**What to produce:** Print exactly the lines that run from the one containing "The WAVE is" to the final line of the data, both included, and print none of the pictures.

Segment Start: Available records

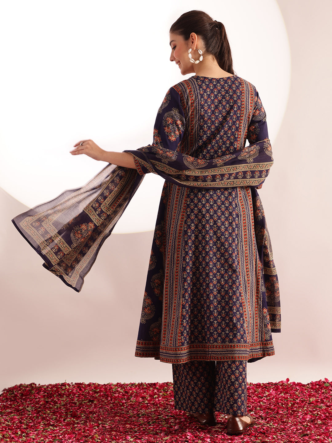 This blue floral printed A-line cotton kurta paired with matching palazzo and dupatta offers a blend of comfort and elegance. Crafted from breathable cotton, it ensures all-day comfort while the floral print adds a timeless charm. The A-line silhouette flatters various body types, and the coordinated palazzo enhances ease of movement. Complete with a complementary dupatta, this set is ideal for both casual and semi-formal occasions, balancing style with practicality effortlessly.
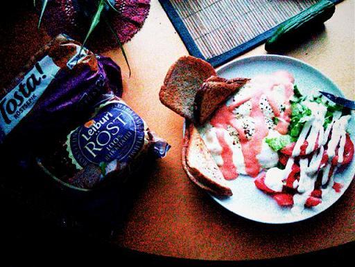 Halb pilt minu tavapärasest hommikusöögist tsiviilis: 5 praemuna, salat, paar viilu leiba/sepikut. Maitseks peale hapukoort või antud juhul ka majoneesi-ketšupi kastet.
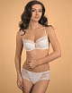 Бюстгальтер "Balconette"" на каркасе, с Т-образным сечением по чашке, поднимает и держит грудь снизу, образуя декольте. Чашка выполнена из ажурного кружева, нижняя часть продублирована ламинатом из поролона и хлопка, верхний край "лодочка" обработан эластичной тесьмой - это помогает чашке прилегать к груди и не дает ей растянуться при носке. В этой модели удачно сочетаются и дополняют друг друга форма чашки "балкон" и ажурная "лодочка" из кружева, которые делают эту конструкцию чашки более глубокой и закрытой. Эластичная бретель с краем "пикотом" декорирована контрастным цветом в тон бантикам.
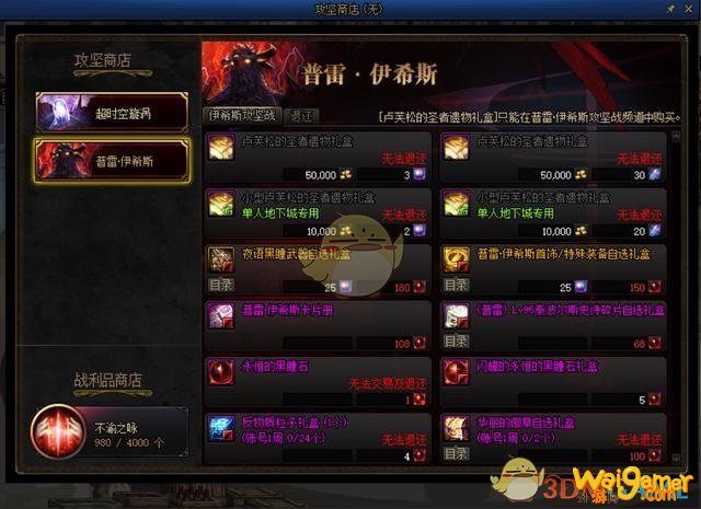 新增150个黑瞳石和25个精炼的时空石兑换的普雷权能装备自选礼盒,同样是帐号绑定的,不用说大家也知道了,小号现在直接变成普雷装备搬砖的了,到时候在刷每日2+2就能获得100级的史诗工作服,相对来说直接兑换便宜了太多了。
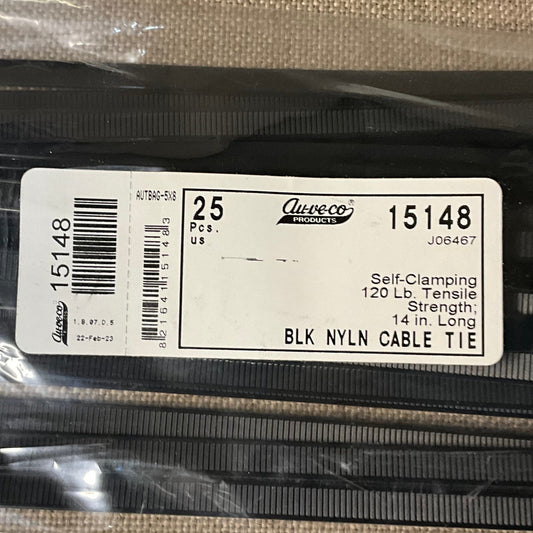 25 Cable Ties Auveco 15148 Self Clamping Cable and Harness Straps Universal
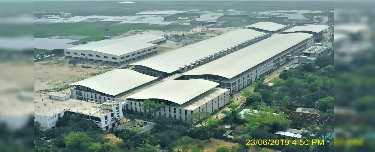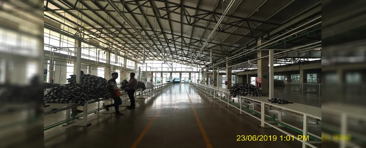 The WAVE is a constructed representation of the surrounding landscape and the emerging manpower or the dedicated ‘APPAREL ARTISTS’. This is a building which is principally designed in passive manner. The natural daylight, air circulation and ventilation is achieved by architectural solution up to 40%.The building is saving 20% of its water consumption through Rain Water Harvesting and STP. 33% of energy is being saved by PV panels and natural ventilation. Roof has its own innovative support system by tetrahedron truss as beam. Central Ventilation Core has been designed for hot air dispatch, rain water and roof drained water storage and sequentially passing to the underground tanks for curing and recharge. And sky lights give the calculated day lighting in the Green Atrium. The south facing façade is mostly open to natural ventilation and designed with vertical Fins and Wings to defuse direct air-flow and light necessary for production/ machine lines.
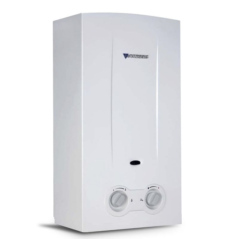 Calefón Ionizado 10 L Gas Licuado Hydrobattery-Smart C Junkers, con litraje de 10 litros, cámara abierta y caudal de arranque de 4 l/min.
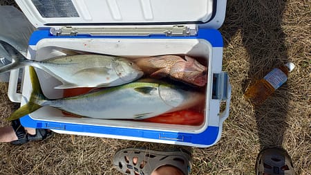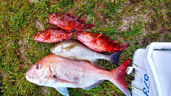 その他、タイラバで真鯛、アカハタなどが釣れました(^^) ・タックル ロッド:一誠海太郎 碧ライトゲームオフショア2 リール:シマノ 22ステラ3000MHG ライン:PE0.8 リーダー:4号 ルアー:メタルマジックTG40g(ピンク)

Segment End: Available records

**Solution to this task:**
 The WAVE is a constructed representation of the surrounding landscape and the emerging manpower or the dedicated ‘APPAREL ARTISTS’. This is a building which is principally designed in passive manner. The natural daylight, air circulation and ventilation is achieved by architectural solution up to 40%.The building is saving 20% of its water consumption through Rain Water Harvesting and STP. 33% of energy is being saved by PV panels and natural ventilation. Roof has its own innovative support system by tetrahedron truss as beam. Central Ventilation Core has been designed for hot air dispatch, rain water and roof drained water storage and sequentially passing to the underground tanks for curing and recharge. And sky lights give the calculated day lighting in the Green Atrium. The south facing façade is mostly open to natural ventilation and designed with vertical Fins and Wings to defuse direct air-flow and light necessary for production/ machine lines.
 Calefón Ionizado 10 L Gas Licuado Hydrobattery-Smart C Junkers, con litraje de 10 litros, cámara abierta y caudal de arranque de 4 l/min.
 その他、タイラバで真鯛、アカハタなどが釣れました(^^) ・タックル ロッド:一誠海太郎 碧ライトゲームオフショア2 リール:シマノ 22ステラ3000MHG ライン:PE0.8 リーダー:4号 ルアー:メタルマジックTG40g(ピンク)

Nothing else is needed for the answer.